STA5057W & STA5058W: Masters in Biostatistics

The course work component (STA5057W) of the MSc degree in Biostatistics aims to train students in more advanced statistical methodology needed for the analysis of data from the Health and Biological Sciences. Students need to complete 6 modules of which 4 are compulsory. Depending on the statistics background of the student, two options are available:

Option 1:

Multivariate Statistics  STA5069Z 15 credits
Longitudinal Data Analysis STA5067Z 15 credits
Survival Analysis STA5072Z 15 credits
Design of Clinical Trials STA5063Z 15 credits

Option 2

Biostatistics Honours Module    15 credits
GLM Theory    7.5 credits
Multivariate Honours Module   15 credits
Longitudinal Data Analysis STA5067Z 15 credits
Survial Analysis STA5072Z 15 credits
Design of Clinical Trials STA5063Z 15 credits

To complete a total of 90 credits, students may choose from the electives:

Advanced Topics in Regression STA5090Z 15 credits
Simulation and Optimisation STA5071Z 15 credits
Machine Learning STA5068Z 15 credits
Bayesian Decision Modelling STA5061Z 15 credits
Mathematical Modelling for Infectious Diseases STA5066Z 15 credits
Ecological Statistics  STA5064Z  15 credits
Causal Modelling STA5062Z 15 credits

Students are also allowed to choose a maximum of two modules from other departments or honours level courses. Students who do not have a qualification in Statistics at honours level, will be required to pass some pre-courses (STA5014Z) before being allowed to register for the degree. These include Introductory Calculus, Matrix Methods, Introductory Inference and R-programming. These transition students will be required to take the Biostatistics Honours module as a compulsory module and may take the Multivariate Statistics at honours rather than masters level. After successful completion of the coursework component, the students will register for the dissertation component of the degree.
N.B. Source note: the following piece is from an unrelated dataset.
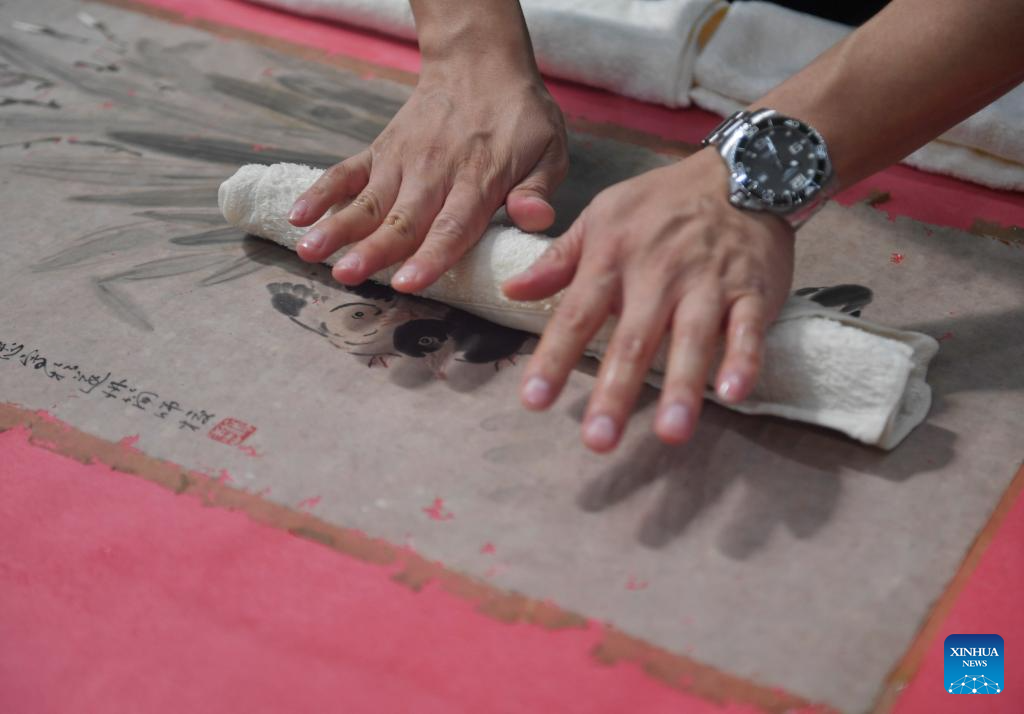 A contestant competes in paper calligraphy and painting relic restoration during the 2nd National Cultural Heritage Vocational Skills Competition in Luzhou City, southwest China's Sichuan Province, July 4, 2025. Starting from July 3, the four-day event attracted nearly 300 contestants competing in six categories. (Xinhua/Liu Kun)

The research component (STA5058W) of the degree is based on a 90 credit dissertation. The topic of the research will be based on methodological or applied problems from the Health or Biological Sciences. Students may be based in a research unit from where the research has originated for the duration of their dissertation.

On completion of the research component, and the preceding coursework component, students will be able to: (1) conduct collaborative research in the health and biological sciences, (2) conduct independent research in statistical methodology for the health and biological sciences, (3) act as statistical consultants for health and biological sciences research.
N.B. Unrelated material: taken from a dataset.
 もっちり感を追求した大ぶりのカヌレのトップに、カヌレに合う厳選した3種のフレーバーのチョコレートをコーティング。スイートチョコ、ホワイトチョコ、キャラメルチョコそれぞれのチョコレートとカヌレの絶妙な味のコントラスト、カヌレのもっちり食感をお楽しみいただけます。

STA5000W: Masters in Mathematical Statistics

The topic of the masters degree is decided in conjunction with a supervisor. Although every effort will be made to link potential students with a supervisor in the field of the submitted research proposal, it remains the responsibility of the applicant to secure a commitment from a suitable supervisor. The research fields of our staff vary in the areas of Astrostatistics, Biostatistics and Bioinformatics, Ecological statistics, Econometrics and Financial modelling, Multivariate statistics, Stochastic processes, Spatial statistics and Statistical Education. For more information on the specific specialisations of staff members, see the Academic staff page.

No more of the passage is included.